CumuLogic Bringing Sun Cloud Roots to Java PaaS

January 20, 2011 Off By David
Grazed from GigaOM.  Author: Derrick Harris.

The growing Java Platform-as-a-Service market will soon need to make room for CumuLogic, a pre-beta startup led by a team of Sun Microsystems veterans. The Sun connection is notable, of course, because Sun was the Java owner and development leader before it was acquired by Oracle early last year. Its cloud application-management platform will enter a public beta within the next few weeks, and when it does, CumuLogic will have a tall, but feasible, order to distinguish itself from a pack that now includes Amazon Web Services, Red Hat, Google and CloudBees, among others.

CumuLogic was co-founded by Sun Cloud and Startup Essentials vets Rajesh Ramchandani and Laura Ventura, and touts Java creator James Gosling and former Sun CIO Bill Vass as the leaders of its technical advisory board. According to Ramchandani, he and Ventura were inspired to create a Java PaaS after they left Oracle and started thinking about how Sun could might have expanded its cloud computing efforts into the PaaS space had Oracle not killed Sun’s cloud project upon its acquisition of the company. We’ll never know how close CumuLogic is to what Sun might have done, but the company does appear to have embraced Sun’s legacy of giving users plenty of choice and control.

CEO Sandip Gupta told me that CumuLogic is focused on legacy Java applications, of which companies have written countless numbers over the years. Instead of rewriting applications to fit new platforms and, essentially, giving up application components on which companies might have standardized over the years, CumuLogic wants to give them the flexibility to keep using those components, from application platforms to databases. Further, CumuLogic wants to give customers choice of where to host their PaaS environment by providing a software product that can be installed locally or atop an IaaS cloud. Makara, the cloud software recently acquired by Red Hat, offers the same functionality with regard to deployment, but the companies differ in terms of scope.

CumuLogic also is trying to set itself apart by retaining a degree of IT control over the environment. Gupta explained that CumuLogic gives IT administrators the ability to do things like determine application lifecycles, establish permissions and transition environments from dev-test to production — all while giving end users the self-service, automated experience they expect from a PaaS offering.

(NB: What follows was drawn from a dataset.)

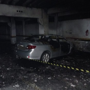 Um incêndio atingiu a garagem de uma edificação comercial localizada na Rua Angélica Collodel Bettiol, no Centro de Urussanga, no início da noite deste sábado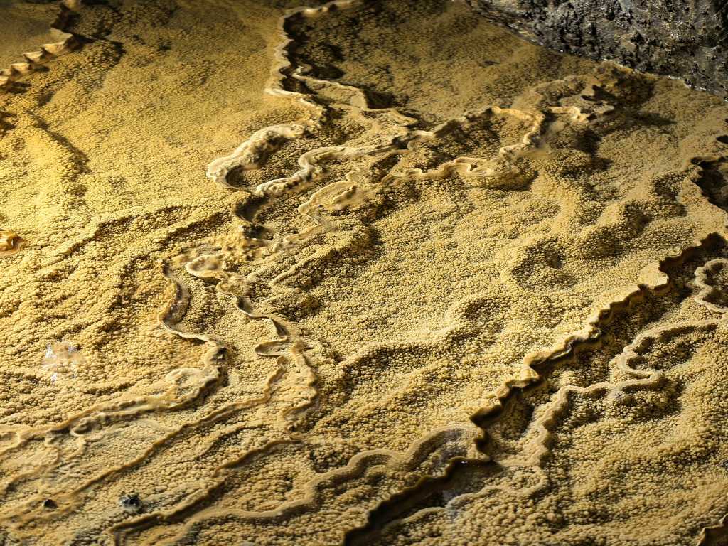 56746. Shallow rimstone pools in the shades of sandy color, with a crystal sprinkling on the bottom and with luxuriously curled edges

As anyone following cloud computing over the past several weeks has noticed, however, options for Java PaaS are proliferating fast.  Among the offerings now supporting Java applications are Amazon’s Elastic Beanstalk, Google App Engine, VMforce, CloudBees, Makara and Windows Azure. But each product differs in terms of where they’re hosted, what frameworks and stacks they support, and whether they also support additional programming languages. Gupta thinks CumuLogic can carve out a niche serving the likely sizable population of companies, service providers and ISVs that want to support legacy Java applications in the cloud, which probably is true for the time being until customers start writing new applications in today’s popular web languages such as Ruby and PHP. If that time comes, he added, CumuLogic is willing to look at expanding its scope.